The trailers for Sucker Punch make it obvious that this is another movie from director Zack Snyder, who successfully adapted tricky graphic novels like 300 and Watchmen to the big screen. His distinctive comic-book style (filled with slow-motion action and quick-moving cameras) perfectly suited the complex storytelling and imaginative artwork of those two beloved epics. With a similar style, Snyder now brings us an original story that he co-wrote.
He should probably stick to directing.
Sucker Punch begins with the back-story of a 20-year-old woman nicknamed Baby Doll (Emily Browning). Typical of other Snyder movies, it's a very stylish prologue that quickly sets the stage without any dialogue. Upon the death of her mother, her wicked stepfather attempts to abuse her and her sister, enraged that they are the beneficiaries of their mother's inheritance.

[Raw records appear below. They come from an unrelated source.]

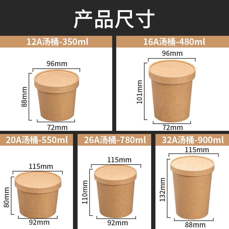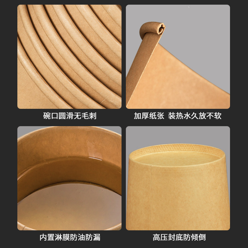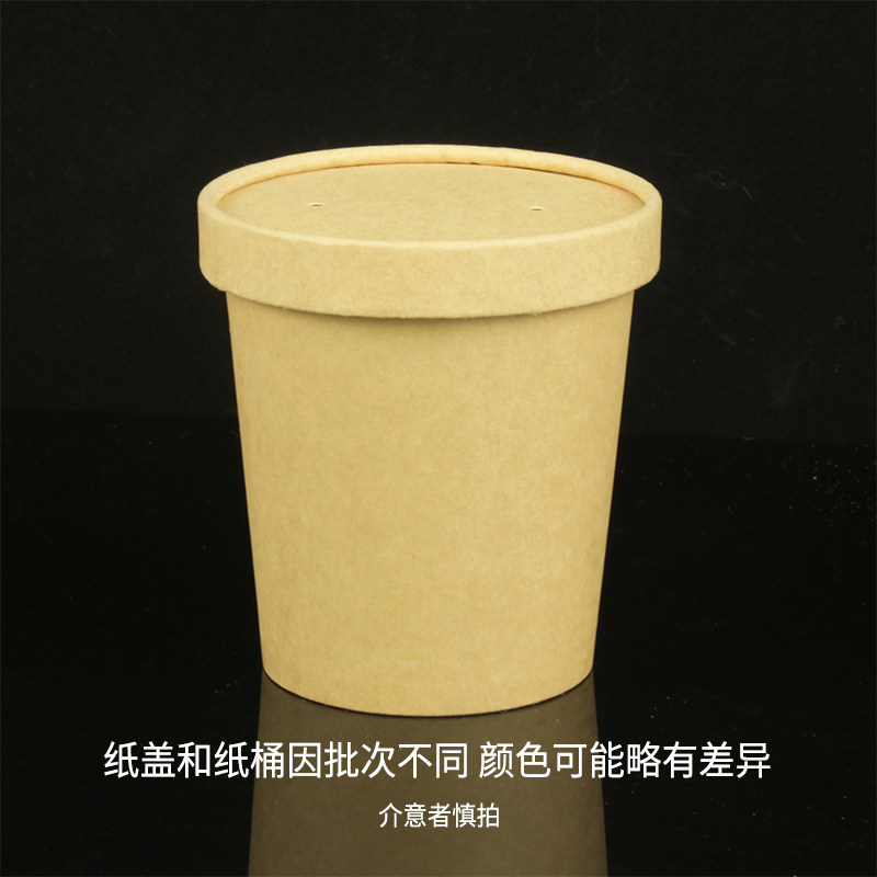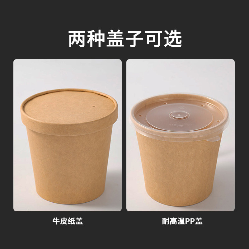 一次性牛皮纸碗打包盒圆形带盖外卖餐盒商用汤桶汤杯汤碗装粥杯子
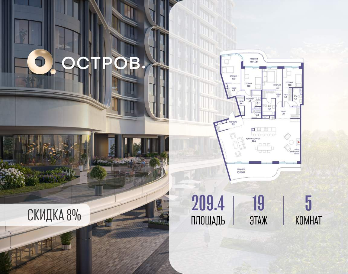 Продаётся квартира от застройщика: общая площадь 209.40 м, жилая 50.80 м, кухня 88.50 м, 19-й этаж, жилой квартал «Остров 7», корпус 2 (секция 2) . Срок сдачи: 1 квартал 2028 года.
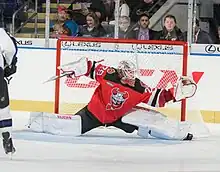 Following his performance in minor hockey, the Colts selected Blackwood in the fifth round of the 2012 OHL Priority Selection.[7] Originally a backup during his rookie 2013–14 season, Blackwood became the Colts' starting goaltender early in the season when Mathias Niederberger left the team and Alex Fotinos struggled in the role.[9] He earned his first shutout on November 1, stopping all 31 shots from the Niagara IceDogs.[10] After leading all rookies in both the OHL and the Canadian Hockey League (CHL) with a 2.98 GAA and .902 save percentage (SV%) and leading OHL rookies with 23 wins, Blackwood was named to the OHL First All-Rookie Team in 2014.[11] Although the Colts' OHL postseason run came to an end with a loss to the North Bay Battalion in the second playoff round, Blackwood was praised by coaches for his performance during the season, and he was expected to remain Barrie's starting goaltender for the remainder of his junior hockey career.[12]
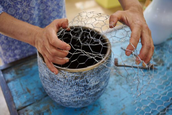 Step 1: Cut a square piece of chicken wire and shape it into a sphere by pushing the ends together. Clamp the ball securely into the pot. Please note: the flower stems will need to be supported by the wire both at the top and bottom.
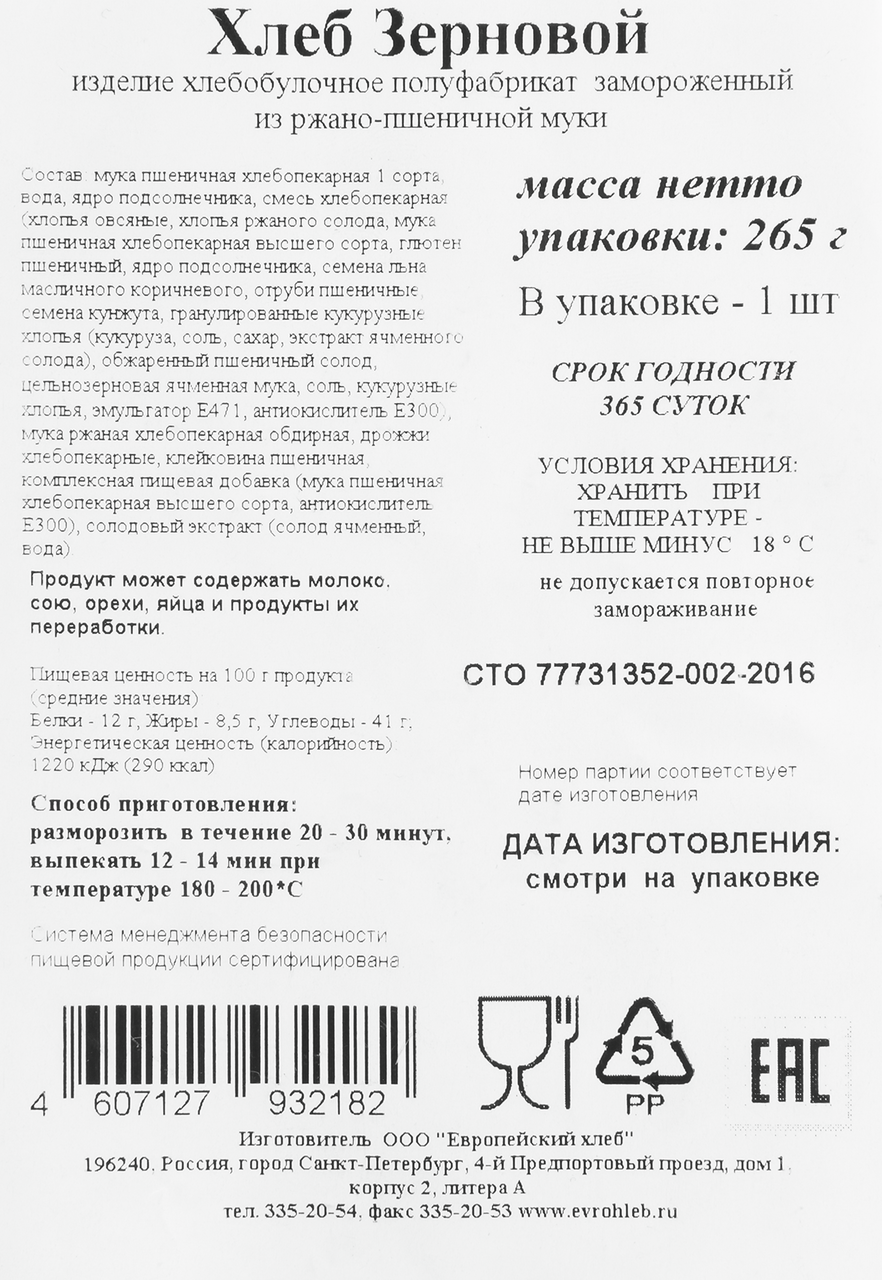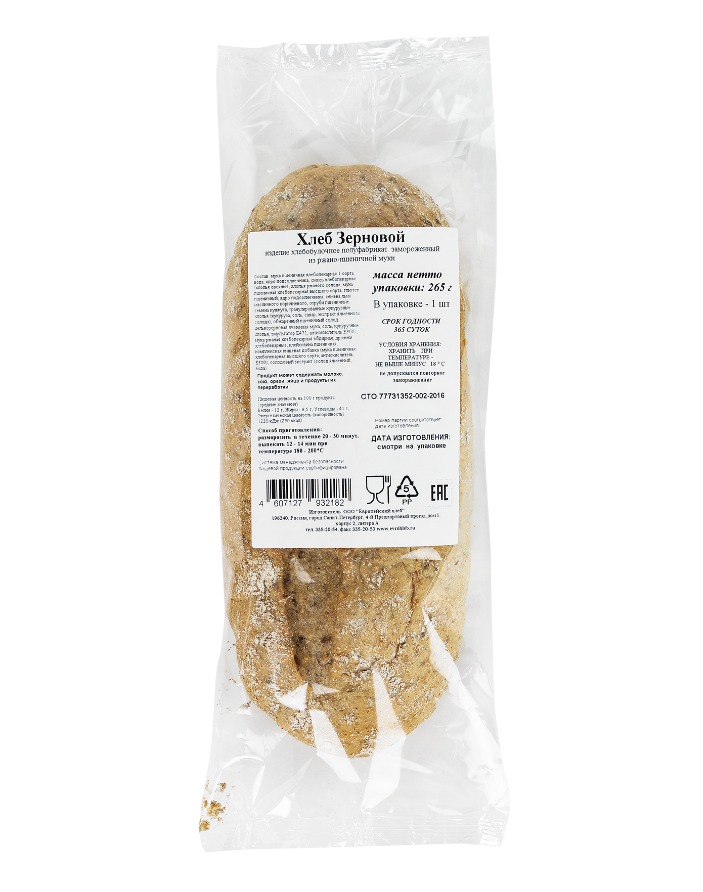 Хлеб Еврохлеб зерновой замороженный, 265г — очень вкусное и полезное хлебобулочное изделие, производимое из цельных зерен злаков, предварительно не измельченных в муку. Зерновой хлеб — ценный продукт, содержащий большое количество витаминов, микроэлементов и балластных веществ, необходимых для нормальной работы кишечника. Чтобы полакомится этим вкусным продуктом, необходимо выпекать его 15 минут в духовке, предварительно разморозив его в течение получаса.
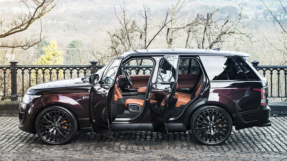 Priced at £89,975, this unique SUV also features an interior treatment with Kahn Bridge of Weir Leather upholstery combined with quilted and perforated Burnt Orange leather, stainless steel door entry sill plates, and aluminum sport pedals.
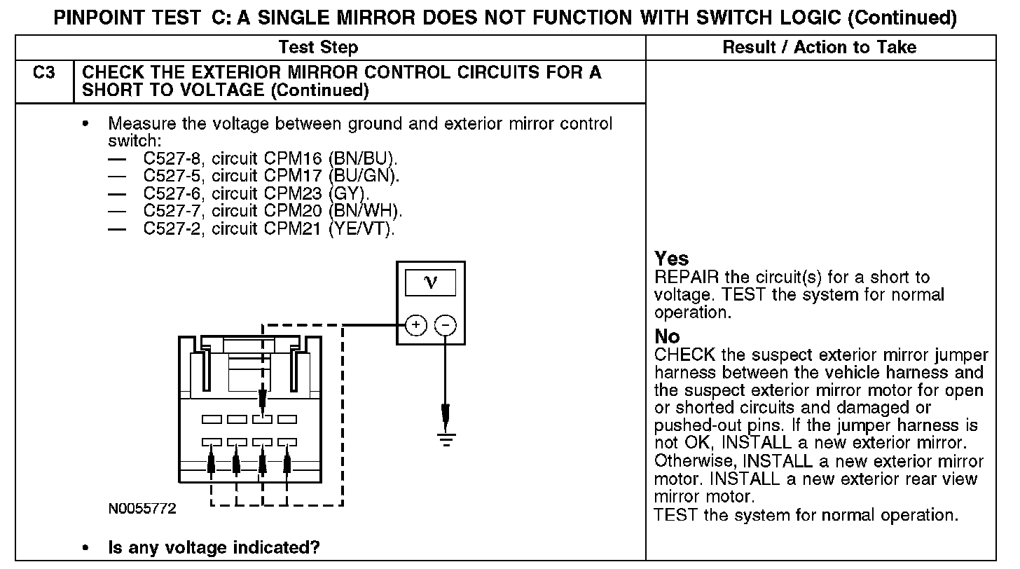 - When ground is received through circuit CPM16 (BN/BU)/CPM20 (BN/WH) and power through circuit CPM23 (GY), the LH/RH exterior mirror will operate left.

Tragedy ensues and Baby Doll is sent to a mental asylum, scheduled for a lobotomy in five days.
At Lennox House, Baby Doll and other troubled girls are subjected to the unorthodox treatment of Dr. Gorski (Carla Gugino), performing their emotions and fears onstage like actors. Befriending four other inmates, Baby Doll retreats to her own fantasy world in order to escape the harsh realities of her predicament and devises a plan for her and the others to escape. She learns from an imaginary wise man (Scott Glenn) that she will need five objects to escape: a map, fire, a knife, a key, and some sort of "perfect sacrifice" that only she will be able to provide.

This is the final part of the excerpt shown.